| Vadodra |
Published: May 24, 2020 2:50:08 am
Just about a month after rates of chicken dropped to as low as Rs 40 a kilo, the prices of mutton and chicken have gone up to Rs 750 and Rs 250 per kilo respectively, ahead of Ramzan on Monday. The low supply of meat and poultry that triggered the price rise would mean that meat would be beyond the reach of many Muslim families for the festival.
Meat vendors and livestock traders say that transportation of goats from Rajasthan and MP has been held up while poultry farms have lowered their production following heavy losses during the beginning of the lockdown in April. With livestock mandis in Ranip in Ahmedabad — the biggest in the state — as well as in Surat and the tribal weekly markets closed on account of the pandemic, the supply chain has been broken.
Frozen cuts in stores that have opened since the relaxation of the lockdown are priced even higher at as much as Rs 400 a kilo for chicken and around Rs 1,000 for mutton.
Ishrar Pathan, 45, a painter who has been out of work for over two months, says, “I exhausted all my savings to sustain the family during the lockdown. Even now I don’t have work because no one wants painters at home at such a time. Every Eid, we would buy chicken or mutton at least for a meal but this year, we will not be able to afford meat at all. But we have got Ramzan grocery from charity organisation. We will buy some eggs if my son gets some money.” His son, who works at a furniture shop, rejoined work three days ago and the family of seven has been hugely dependant on food kits being distributed by Good Samaritans.
Like Pathan, many other middle income families too feel that mutton, at least, will be unaffordable. “At Rs 750-800 per kilo, it is not something we can afford. We are a family of six and we would need at least two kilo mutton to enjoy a good Eid meal,” says Sabeena Shaikh of Vadodara.
In Ahmedabad, a Muslim trust, Isa Foundation, has decided to make meat available to the community for Rs 450 per kilo. A message widely circulated says that the families wishing to book their meat must place an advance order for Rs 100 through a mobile wallet number shared. “Each buyer can purchase mutton from 500 grams to 10 kilos,” it says. The list also includes numbers of contact persons from various minority dominated areas of the city, including some containment zones.

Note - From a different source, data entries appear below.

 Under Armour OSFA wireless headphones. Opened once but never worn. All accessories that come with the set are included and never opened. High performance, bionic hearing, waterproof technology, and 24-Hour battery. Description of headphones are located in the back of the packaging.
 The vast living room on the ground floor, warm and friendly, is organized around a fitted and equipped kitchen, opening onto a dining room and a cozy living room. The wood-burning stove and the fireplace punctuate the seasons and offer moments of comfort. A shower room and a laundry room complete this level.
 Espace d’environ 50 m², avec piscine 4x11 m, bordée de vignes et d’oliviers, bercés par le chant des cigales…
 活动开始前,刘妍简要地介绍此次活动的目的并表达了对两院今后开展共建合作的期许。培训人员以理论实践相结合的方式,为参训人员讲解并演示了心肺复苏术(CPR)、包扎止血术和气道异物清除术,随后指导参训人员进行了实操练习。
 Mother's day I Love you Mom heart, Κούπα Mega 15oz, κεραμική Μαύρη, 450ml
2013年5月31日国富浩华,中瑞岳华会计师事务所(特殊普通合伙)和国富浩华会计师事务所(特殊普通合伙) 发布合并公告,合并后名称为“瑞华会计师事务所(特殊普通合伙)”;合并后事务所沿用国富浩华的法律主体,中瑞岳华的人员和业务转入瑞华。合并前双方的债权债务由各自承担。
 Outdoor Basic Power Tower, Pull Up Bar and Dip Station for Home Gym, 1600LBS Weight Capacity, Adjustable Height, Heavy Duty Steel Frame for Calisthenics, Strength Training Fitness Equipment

A seller listed on the pamphlet says, “We have taken this initiative as the meat has become unaffordable for many families. This Eid is anyway about being at home and having a meal with your family. We will sell it locally in the areas listed.”

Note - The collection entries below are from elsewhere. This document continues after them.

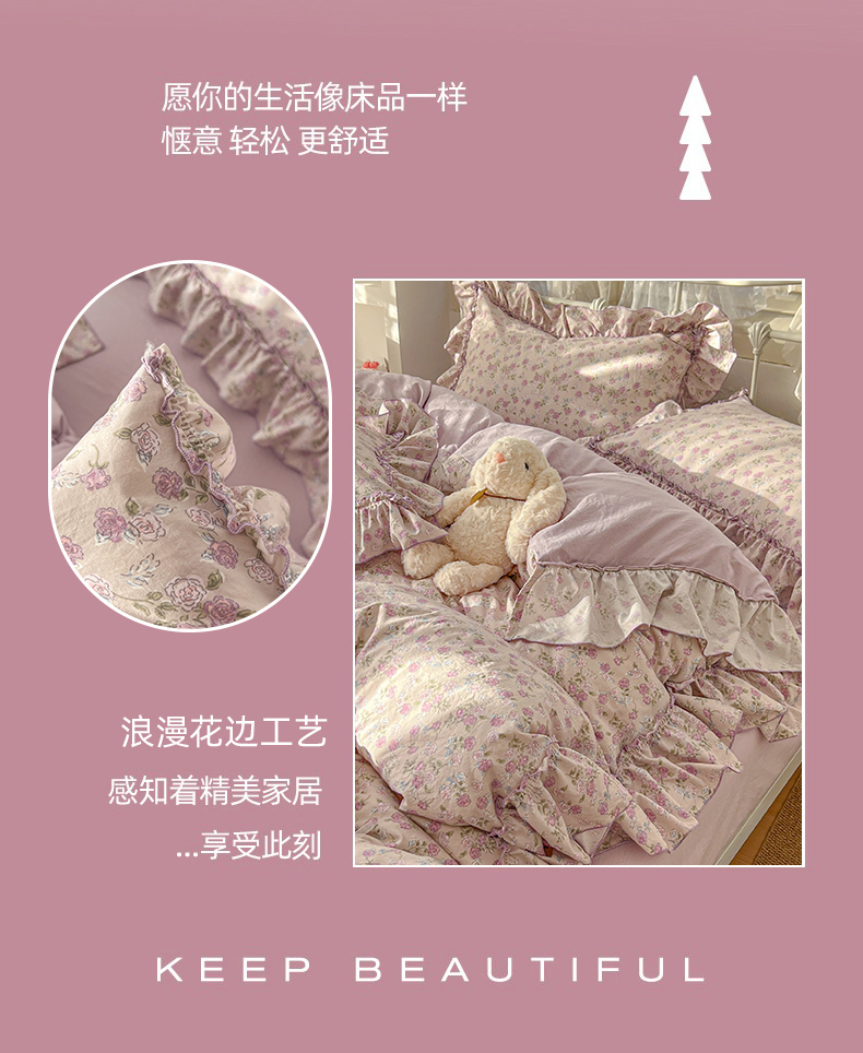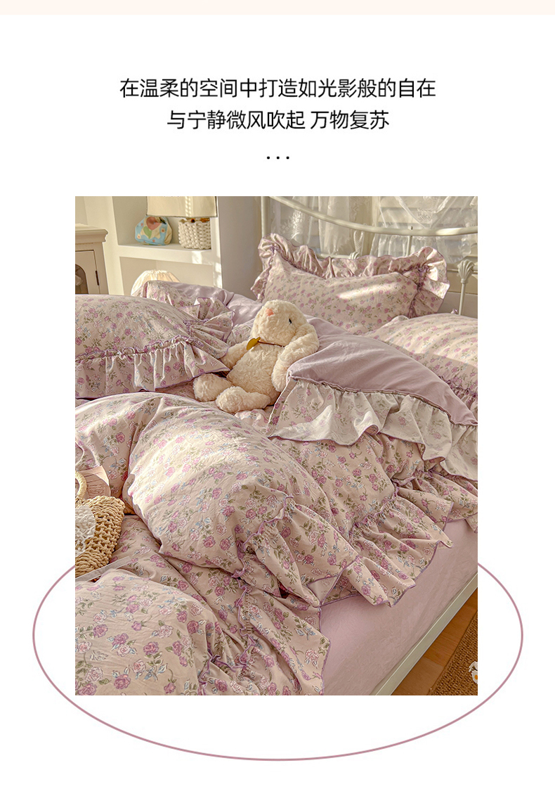 当前位置: 91家纺网 > 商品网购 > 床品套件 > 四件套 > 水洗棉四件套 > 梵克保罗 2026新款春款古法水洗仿棉云朵棉花边四件套 蔷薇园
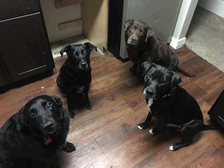 From left: Zeppelin, Karma, Fudge, and Dilbert
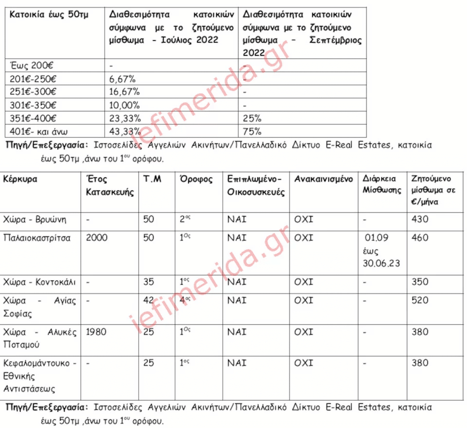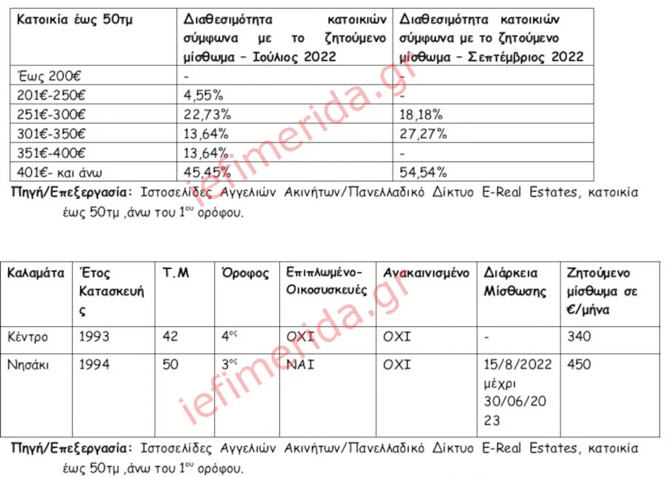Η διαθεσιμότητα ακινήτων, κατάλληλων για φοιτητών, στα Χανιά, το Ρέθυμνο, την Καλαμάτα και την Κέρκυρα, είναι πολύ μικρή με το ενοίκιο να ξεκινά από τα 400 ευρώ το μήνα (!).
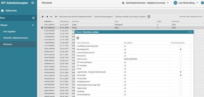 I Person > Personer kan administrator velge en person og trykke på Generer oversikt over data pr. system. Funksjonaliteten gjør at administrator enkelt kan identifisere alle systemer i IST Administrasjon som inneholder data relatert til denne personen. Samme oversiktsvisning er også tilgjengelig i rutinen for Slett person fullstendig. (Per i dag inngår ikke alle tjenester i denne oversikten, men det vil leveres stadig flere tjenester). Administratorer må ha minimum lesetilgang til personregisteret for å kunne benytte denne funksjonaliteten.
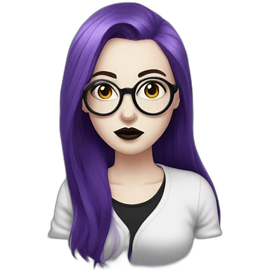 goth woman with side parted purple hair and oval glasses, pale skin emoji | AI Emoji Generator
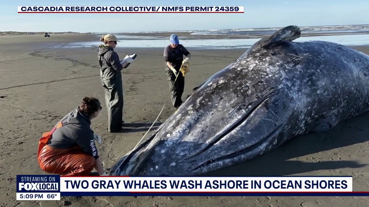 Researchers are investigating two gray whales that washed ashore in Ocean Shores. Officials say both animals were malnourished, and one showed signs of possible trauma consistent with a boat strike.
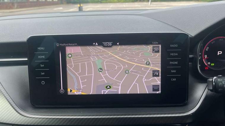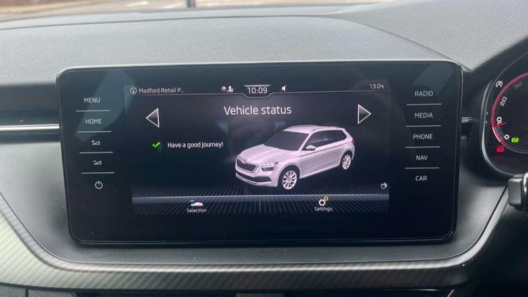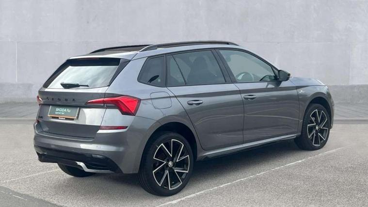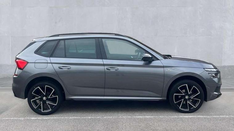 Amundsen satellite navigation with 9.2" glass colour touchscreen display, voice control, virtual cockpit, web radio and traffic sign recognition, Bluetooth system, E-call, Front assist system, Gesture control, PAS, Service indicator, Speed limiter, Virtual cockpit with 10.25" display, Wireless SmartLink for apple car play, android auto and mirrorlink, 8 Speakers, Auxiliary input socket, DAB Digital radio, Black door mirrors, Black radiator grille, Black rear diffuser, Body colour bumpers, Body colour door handles, Body colour roof spoiler, Boot lettering in black, Chrome grille surround, Dimming rear view mirror with black surround, Electrically adjustable and heated door mirrors, Front and rear electric windows, Front sport bumper, Full LED headlights with adaptive front light system and front cornering fog lights, Headlight range control, Heated rear window, High functionality rear led lights with dynamic indicators, KAMIQ Door sills, LED daytime running lights, Light sensors, Monte carlo plaque, Panoramic sunroof with black roof rails, Privacy glass, Rear fog lights, Rear side wing doors, Rear wiper, 12V Accessory socket in centre console, 3 seat bench in 2nd row, Aluminium pedals, Black ceiling for black/beige interior, Black roof lining, Chrome inner door handles, Cloth upholstery, Front head restraints, Glove compartment with illumination, Ice scraper, Isofix child seat fittings on outer rear seats, ISOFIX on front passenger seat, Leather gear lever, Manual lumbar support for front seats, Rake/reach adjustable steering wheel, Reading lights, Single front passenger seat, Sports seats, Sun visors with illumination on front passenger, Textile floor mats, Third rear headrest, Top tether for front passenger seat, Umbrella in driver's door, 3x3 point rear seatbelts, Airbags - driver and front passenger, ESP, Front passenger airbag deactivation switch, Front side airbags with curtain airbags, Hill hold control, Manual parking brake, Manual rear child locks, One tone horn, Rear disc brakes, Seatbelt reminder for driver an co-driver, Traction control, Tyre pressure monitor, Anti-theft alarm system with interior monitoring, backup horn, towing protection and remote central locking with SAFE system, Anti-theft wheel bolts, Electronic engine immobilizer, Chrome air vent surrounds, 18" Vega alloy wheels in black,

The price rise, traders say, is due to the increased demand in the past few weeks. Kamil Raza Shaikh, whose family runs the famous Alka Mutton shop in Alkapuri, says, “The lockdown and the ongoing pandemic has meant a huge loss to our business since March… the steep prices are due to short supply as the livestock from Rajasthan has not been transported and the mandis are closed,” says Shaikh.
Most vendors say that while most people who would have purchased mutton for Eid would stay away and opt for poultry, which has also seen a steep rise in prices, a month after vendors were forced to sell surplus chicken at Rs 100 for four birds. Hanif Qureshi of the Baroda Qureshi Jamat that mainly deals in poultry, says, “When the lockdown began, the MHA guidelines clearly mentioned meat and poultry as part of essential items, sale of which was allowed. But due to restrictions from the local administration, poultry meat shops were closed. This caused heavy losses to the poultry farm owners who have now reduced production to almost half and raised the price to make up for the losses.”
The prices, traders say, increase by about Rs 100 as one goes southwards from Rajasthan. “The price usually is about Rs 480 per kilo of mutton and about Rs 130-150 of a kilo of chicken in Gujarat. As you go further to Maharashtra and Mumbai, it would be about Rs 900 per kilo. But with livestock not available from Rajasthan, which is the bulk supplier, traders are going to individual animal rearers in villages to sustain themselves. A trader who would butcher about 10 goats in a day is currently doing only 4-5 due to short supply,” Qureshi says.
With exports suspended and transportation an issue, most districts of Rajasthan and MP that rear livestock are facing financial crisis. Adil Noor, Secretary of the Livestock Exporters’ Association, says, “The rearing of livestock for slaughter is similar to farming of any crop. There is a cycle and the animals and must reach slaughter house at the end of the efforts taken to raise it. The prices will go down only when the stock is back in proportion to the demand.”